To properly allege punitive damages in a motor vehicle accident action, a plaintiff needs to “establish that the defendant was aware of the probable dangerous consequences of his conduct, and that he willfully and deliberately failed to avoid those consequences.” (Id. at p. 896.) If the essential gravamen of the complaint is that “Defendant became intoxicated and thereafter drove a car while in that condition, despite his knowledge of the safety hazard he created thereby” then this is sufficient to allege punitive damages. (Ibid.) While a history of prior arrests, convictions and mishaps may heighten the probability and foreseeability of an accident, we do not deem these aggravating factors essential prerequisites to the assessment of punitive damages in drunk driving cases. (Ibid.)

Taylor fell short, however, of holding that punitive damages are always appropriate in cases involving driving while intoxicated. The Court noted, “we have concluded that the act of operating a motor vehicle while intoxicated may constitute an act of ‘malice’ under § 3294 if performed under circumstances which disclose a conscious disregard of the probable dangerous consequences.” (Id. at p. 892.)

Notably, a subsequent decision held that driving while intoxicated does not always give rise to a claim for punitive damages. “[W]e do not agree that the risk created generally by one who becomes intoxicated and decides nevertheless to drive a vehicle on the public streets is the same as the risk created by an intoxicated driver's decision to zigzag in and out of traffic at 65 miles per hour in a crowded beach recreation area at 1:30 in the afternoon on a Sunday in June.
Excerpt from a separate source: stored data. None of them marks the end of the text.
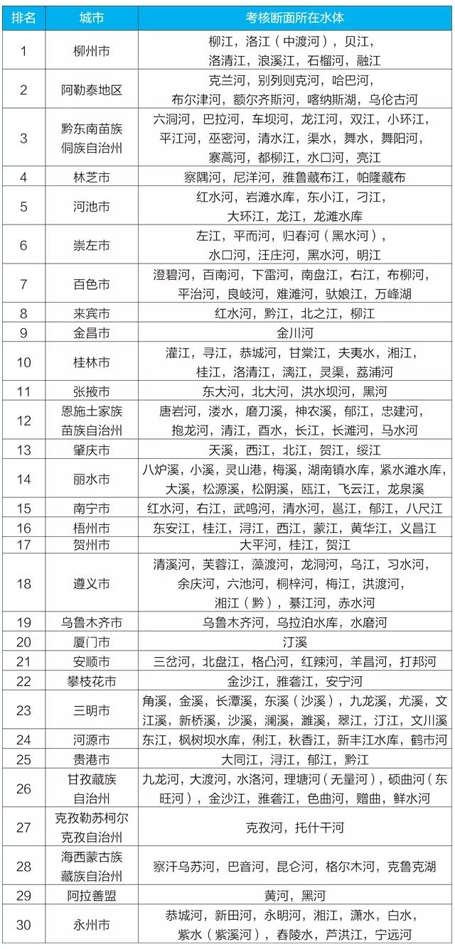1-3月,全国地级及以上城市中,柳州、阿勒泰和黔东南州等30个城市国家地表水考核断面水全球最大赌球网站相对较好(从第1名至第30名),吕梁、长春和邢台市等30个城市国家地表水考核断面水全球最大赌球网站相对较差(从倒数第1名至倒数第30名);鄂尔多斯、榆林和铜川市等30个城市国家地表水考核断面水赌球网站变化情况相对较好(从第1名至第30名),包头、安阳和渭南市等30个城市国家地表水考核断面水赌球网站变化情况相对较差(从倒数第1名至倒数第30名)。见附表1-4。
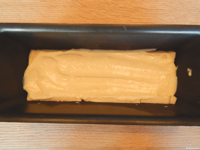 1. Tout d’abord, enlevez les croûtes du pain de mie, pour ma part, j’ai acheté du pain de mie sans croûte. Puis, coupez-les afin qu’elles s’adaptent à la taille de votre moule, un moule à cake convient parfaitement.
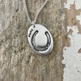 Ovaler Kettenanhänger mit Hufabdruck in Feinsilber inkl. Silberkette nach Wahl. Auch mit einem ein Kautschuk- oder Ledercollier erhältlich. Maße: 2,7 cm hoch und 1,9 cm breit. Vorerst können wir nur Abdrücke von Pferden, die Hufeisen tragen, verarbeiten.
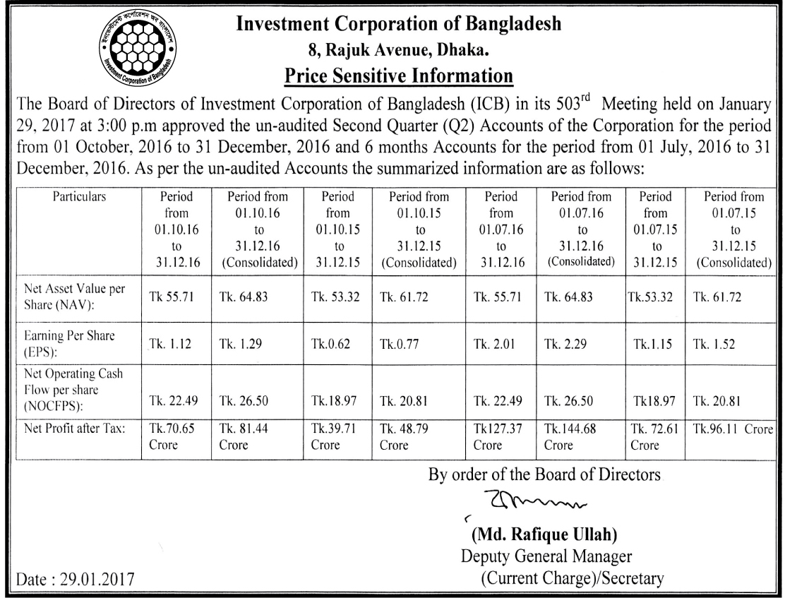 Price Sensitive Information of Investment Corporation of Bangladesh (ICB)
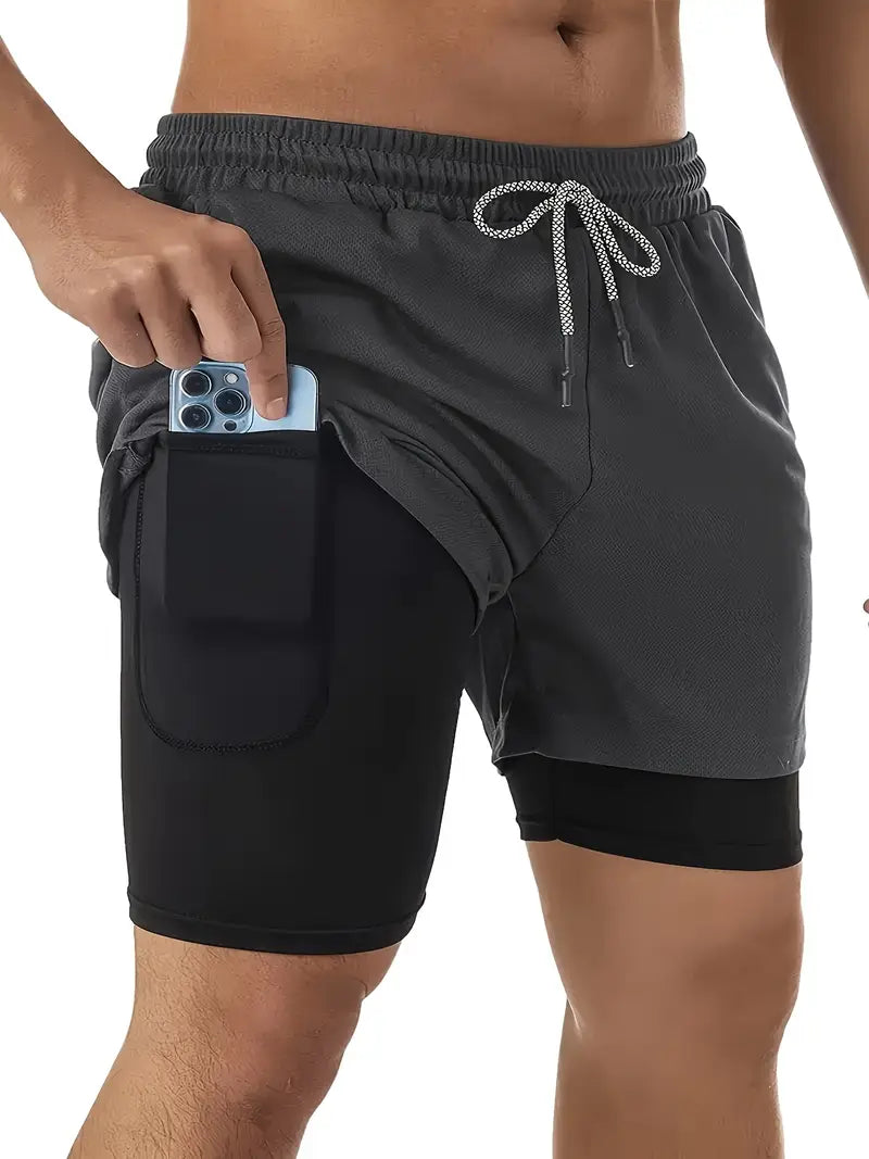 • Tennis style above knee shorts. With Hidden Phone Pocket
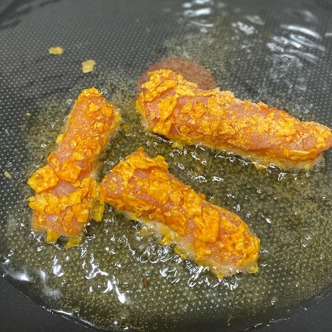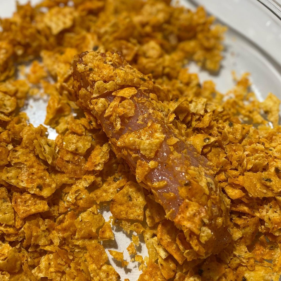 در ادامه باید چیپس تند یا مزه دلخواه خود را داخل کاسه بریزید و با دست یک گوشتکوب دستی بکوبید تا له شود نیاز نیست خیلی پودری و خرد شده و بهتر است تکه های درشتی داشته باشد و بعد مرغ های مزه دار شده را داخل چیپس خرد شده بغلطانید به طوری که همه مرغ را کاور کنید.
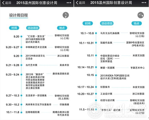 由中共温州市鹿城区委宣传部、万象城awc官网登录入口和鹿城区文化广电新闻出版局联合主办的“汇创意·慧生活”2015温州国际创意设计周于9月20日在黎明92文创园拉开帷幕。 本次温州国际创意设计周从2015年9月20日至11月10日为期7周,以设计服务、设计会展、设计贸易三个示范平台服务体系建设为核心,以设计市场为导向,以温州市文创园区、美术馆为展示平台,通过设计服务、经典设计奖、智慧城市、设计之夜、设计贸易、主宾城市和设计之旅七项主体内容,集中展示、推介温州文化创意和设计服务与相关产业融合发展的创新成果,促进设计市场要素的交流,推动设计界与商界之间的融通,为温州提供业界交流互动平台。

The risk of injury to others from ordinary driving while intoxicated is certainly foreseeable, but it is not necessarily probable. The risk of injury to others from [the defendant’s] conduct under the circumstances alleged was probable.” (Dawes v. Sup. Ct. (1980) 111 Cal.App.3d 82, 89.)

Further, Taylor was decided prior to 1987, at which time the Legislature added the requirement to Civil Code Section 3294 that conduct be “despicable” in order to support imposition of punitive damages under a malice/willful and conscious disregard of the rights or safety of others standard. “[T]he statute's reference to ‘despicable’ conduct seems to represent a new substantive limitation on punitive damage awards.¿Used in its ordinary sense, the adjective ‘despicable’ is a powerful term that refers to circumstances that are ‘base,’ ‘vile,’ or ‘contemptible.’ (4 Oxford English Dict. (2d ed. 1989) p. 529.)¿As amended to include this word,¿the statute plainly indicates that absent an intent to injure the plaintiff, ‘malice’ requires more than a ‘willful and conscious’ disregard of the plaintiffs' interests. The additional component of ‘despicable conduct’ must be found.” (Coll. Hosp., supra, 8 Cal. 4th at 725 [emphasis added].) There has been no subsequent decision holding that drinking and driving, without exacerbating circumstances that make injury probable, gives rise to a claim for punitive damages.
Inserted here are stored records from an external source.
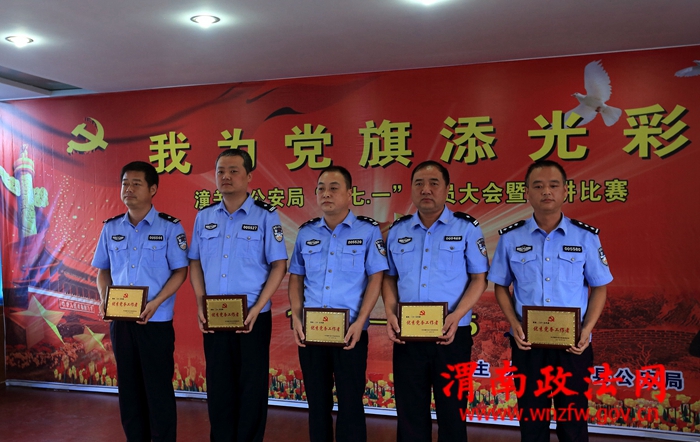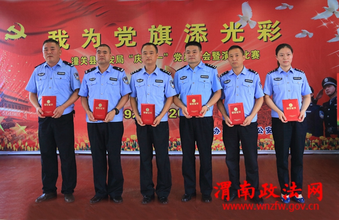 潼关县公安局常务副局长庞建良主持庆祝活动,副局长张玉龙宣读了表彰先进基层党组织、优秀党务工作者和优秀共产党员的决定;工会主席、政治处主任郭力生同志宣读了中共潼关县公安局委员会关于任磊等三名同志预备党员转正的批复、关于接受于江等五名同志为中共预备党员批复;副政委孙文革带领五名新接收的预备党员举行了预备党员入党宣誓仪式和老党员重温入党誓词。表彰先进会上,先进基层党组织、优秀党务工作者、优秀共产党员等14名代表上台领奖。
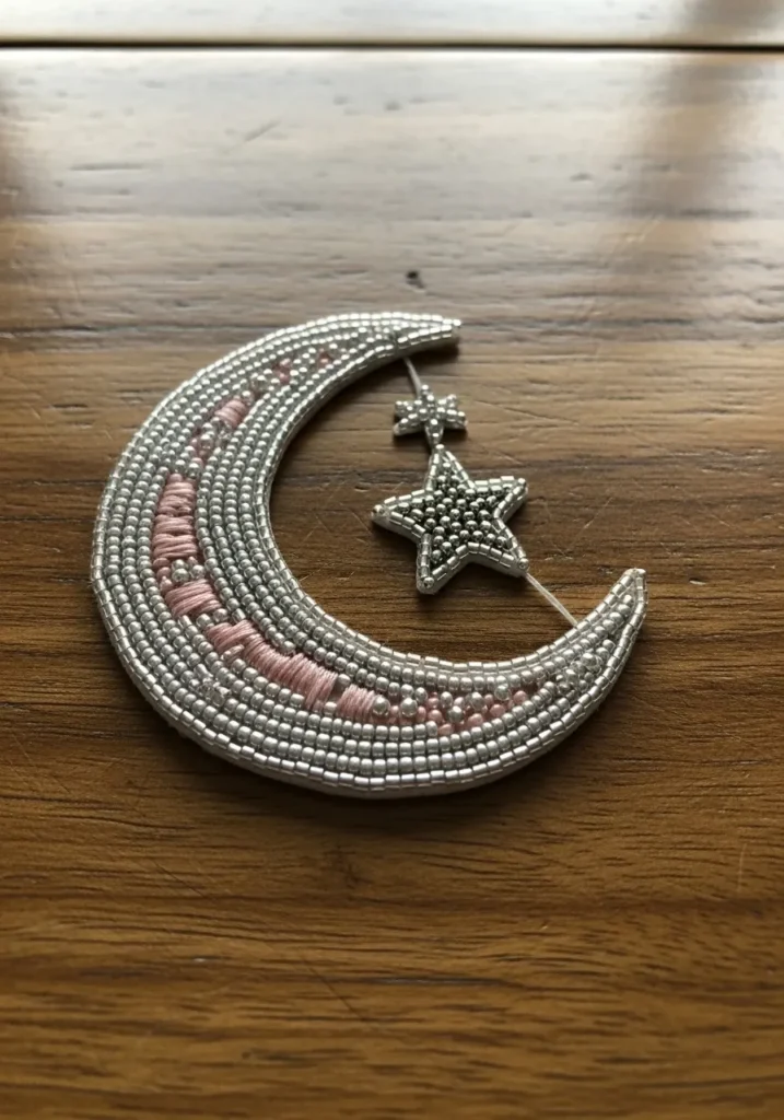 This bead embroidery motif features a graceful crescent moon stitched in shimmering silver seed beads that curve smoothly around the shape. Soft blush pink thread fills sections inside the moon, adding a gentle contrast and a hint of warmth. The surface has a beautiful layered texture thanks to neat rows of beads that follow the curve perfectly. A tiny dangling star, also fully beaded in silver tones, hangs from the tip of the moon and adds a delicate, dreamy touch that makes the whole design feel magical.
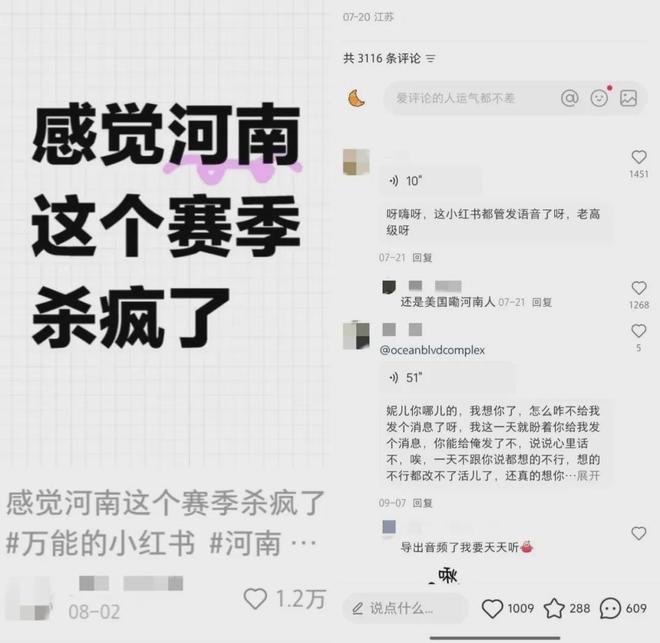 今年,小红书推出评论区可发语音的功能后,不少网友开始用方言交流,这同样给河南话叠加了“出圈buff”。截至2025年9月,“河南话”标签在小红书上已有1.6亿次浏览量。有网友发帖,仅凭一句“感觉河南在这个赛季杀疯了”就喜提1.2万个赞,下方第一条评论附和道:“我最近天天在各种评论区听河南人说话,真的很好听。”
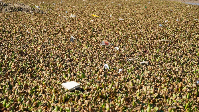 | Biển Bãi Sau tràn ngập lục bình và rác thải sinh hoạt từ đại dương tấp vào. |

The Court finds that the allegations in the complaint regarding driving under the influence are insufficient to support the imposition of punitive damages. As discussed in Taylor and Dawes, specific factual circumstances must be pled which show that the risk of injury was probable, e.g., weaving through lanes of traffic, previous convictions for driving under the influence of alcohol, or driving while simultaneously drinking alcohol. The fact that Defendant operated a vehicle when he was under the influence, without specific facts of aggravating circumstances does not warrant punitive damages.
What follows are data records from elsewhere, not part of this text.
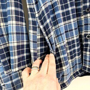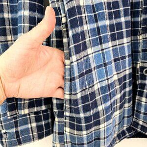 Style and Materials: Navy Blue and Neutral earthy tones. Plaid Flannel. 100% Soft Cotton. Lining 100 % Polyester. Heavy Button down shirt. 2 front (chest) pockets. 2 side pockets. Shacket style. Unisex style as well. Work. Barn chores. Outdoors. Farm. Cold weather.
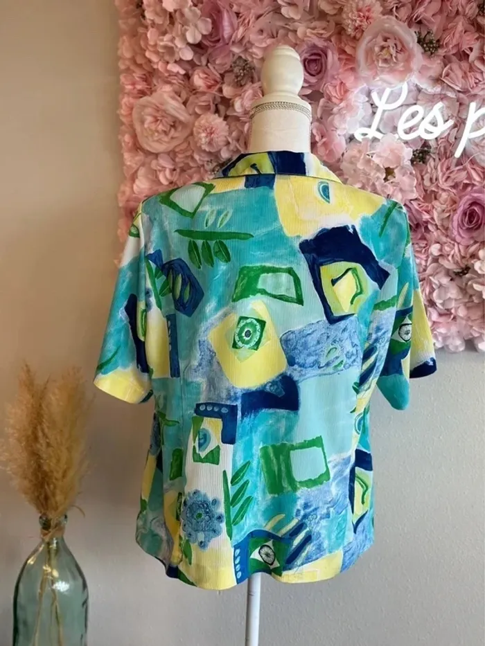 Chemise bleu, vert et jaune à motifs, modèle vintage, taille unique - Ge’vana - photo numéro 8
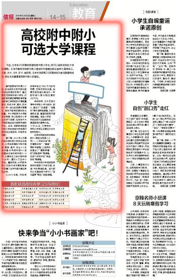 今后,北京有23所高校新建的附中附小学生,将可以选修或体验大学的课程。北京市高校支持附中附小建设协作联盟日前在首师大倡导成立,北航、农大、北外、矿大、首经贸、北京农学院等23所高校成为首批联盟校成员,将在未来着重推进附中附小的建设。
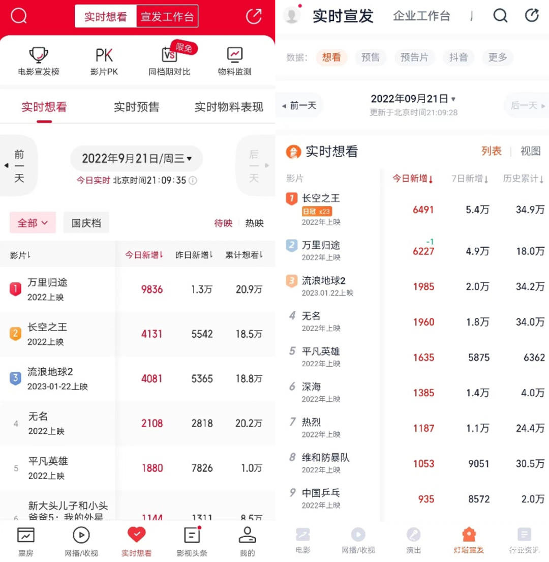 然而,進入9月上旬,《深海》《中國乒乓》逐漸停止了宣發動作,同期的《無名》也在釋出一支全新預告片之後,至今沒有新的物料釋出。相比之下,《萬里歸途》《長空之王》仍在有節奏地釋出物料信息,貓眼和燈塔數據中,兩部影片的新增想看人數都位列前兩位,累計想看人數中,兩部影片的數據也相對靠前。

Accordingly, Defendant’s Motion to strike is GRANTED.

Leave to Amend

The burden is on Plaintiffs to show in what manner they can amend the complaint, and how that amendment will change the legal effect of the pleading. (Goodman v. Kennedy (1976) 18 Cal.3d 335, 349; Hendy v. Losse (1991) 54 Cal.3d 723, 742.) Other than stating amendments are liberally granted and citing to caselaw, Plaintiffs have not requested leave to amend nor have they shown how the complaint can be amended to cure the defect. As such, the Court cannot find there is a possibility of properly pleading punitive damages, and will not allow leave to amend.